Friday, January 26, 2018

Increased Profits, Increased Deficit


Good article today in the Wall Street Journal about various impacts of the new tax law, the link is below.

Tax Law Impacts

The analysis is generally favorable in the sense that companies will have more money to use and the uses will also be more profitable.

Of course that was clear in the reduction of the corporate tax rate, but the question about whether the impact will be enough to pay for the increase in the deficit isn't really addressed but based on the article there is no reason to believe it will even come close.

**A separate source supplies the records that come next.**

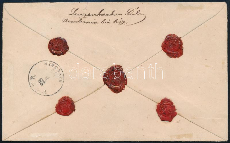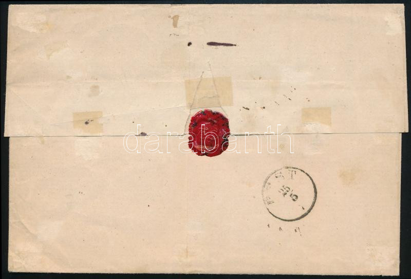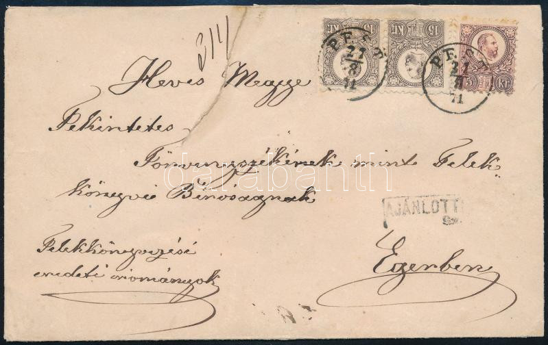 5. súlyfokozatú ajánlott levél Réznyomat 5kr + 2 x 15kr bérmentesítéssel, "PEST - EGER / HEVESBEN", nagyon ritka bérmentesítés, RRR! / 5. weight class registered cover with 5kr + 2 x 15kr. RRR! (Image)(Image 1)
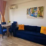Die 60 m² große Ferienwohnung Mamaia befindet sich ungefähr 5 Gehminuten vom Ego Club Mamaia entfernt sowie in unmittelbarer Nähe zu verschiedenen Sehenswürdigkeiten der Gegend. Dieses Apartment am Strand bietet eine Terrasse mit einem Küsten- Blick aufs Meer.
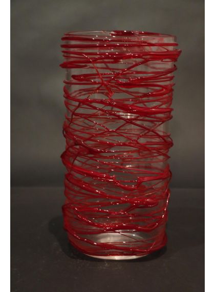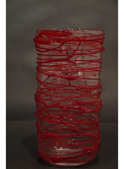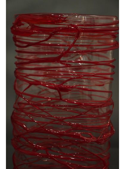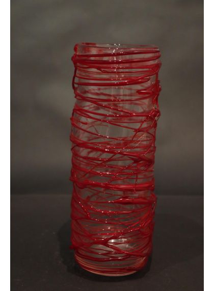 Prodotto presso la nostra fabbrica a Murano con la tecnica del vetro soffiato. Bellissimo vaso dalla forma cilindrica. Il vaso è impreziosito dalla decorazione a fili di color rosso. Il maestro crea questo gioco di fili che rende il vaso ancora più particolare ed unico. La decorazione è presente sulla superficie esterna, mentre all'interno del vaso la superficie è liscia. Vaso eseguito completamente a mano.
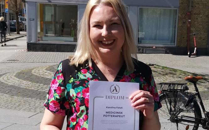 Jag heter Karolina och är medicinsk fotterapeut, utbildad vid Axelsons gymnastiska institut i Göteborg.
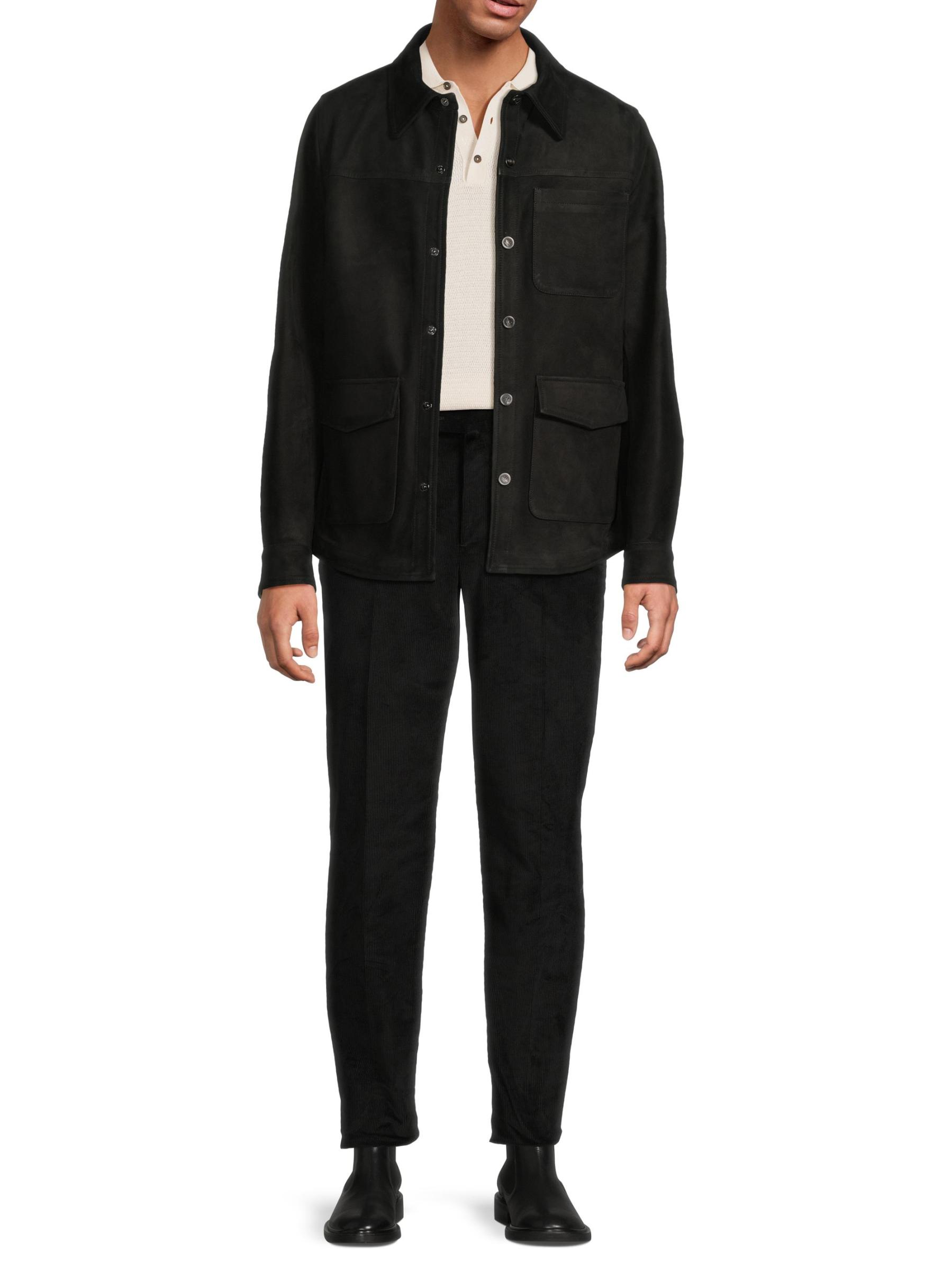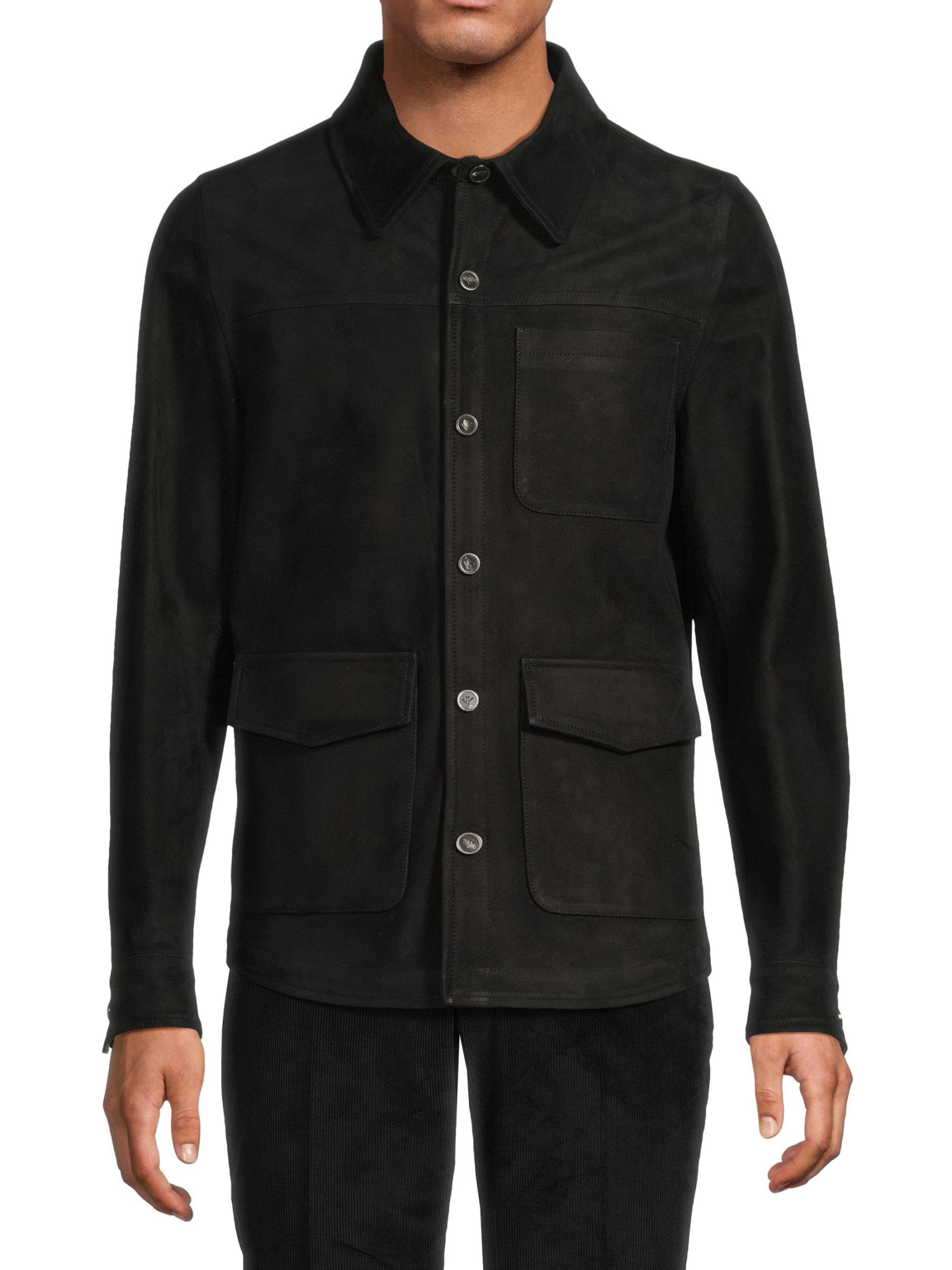 This Isaia overshirt is crafted of supple suede for a luxurious feel and look. A point collar, chest and side patch pockets, and a button-front closure lend elevated structure to this style.
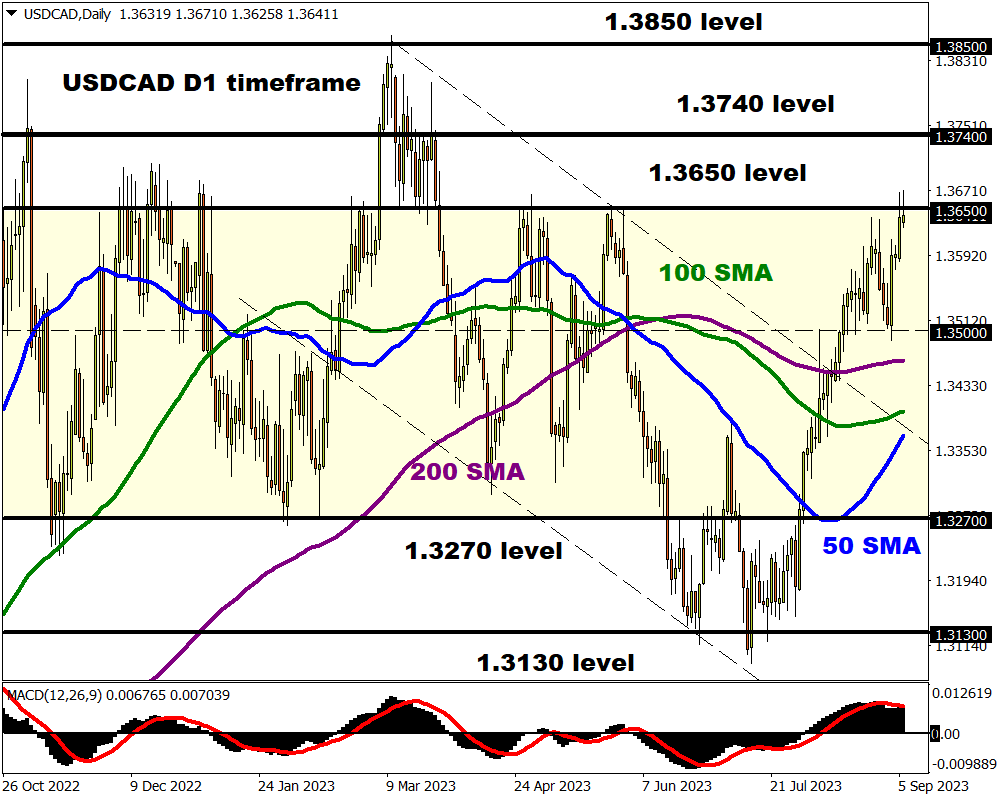 With the Bank of Canada rate decision around the corner, the USDCAD could see some heightened volatility today. It may be wise to keep a close eye on the 1.3650 resistance which has held since May 2023. A solid break above this point could trigger a further incline towards 1.3740. Any signs of weakness that take prices away from 1.3650 could invite bears to target 1.3500.

Yes in some cases the investments in new facilities will be spent in this country but the number of jobs from new facilities may after all be offset by the modernization which actually results in less jobs.

The article discusses a simple law of economics that companies will only expand if there is a market for their additional products.

So a biological research company that needed a new facility now decides it is cheaper to build it here, will create some jobs.

However additional use of robots in existing plants that get modernized will cost jobs.

Small businesses may grow faster, but growth is still a measure of demand.

Expansion without customers = bankruptcy.

The amount of economic growth being forecast as a result of the tax changes is modest indeed and it points out the flaw in the republican math without meaning to.

I've heard them say we only need .4% growth to offset the costs, but they mean .4% each year.  We might get a one time .4% boost but then it becomes as we say, cooked in, and the next year it doesn't generate new growth.

The companies have more money to use and it may reduce debt, increase dividend, even increase wages and bonuses some, but this was all money that used to get paid as taxes and without it the Government has to increase the deficit.

Its going to have to get paid sometime.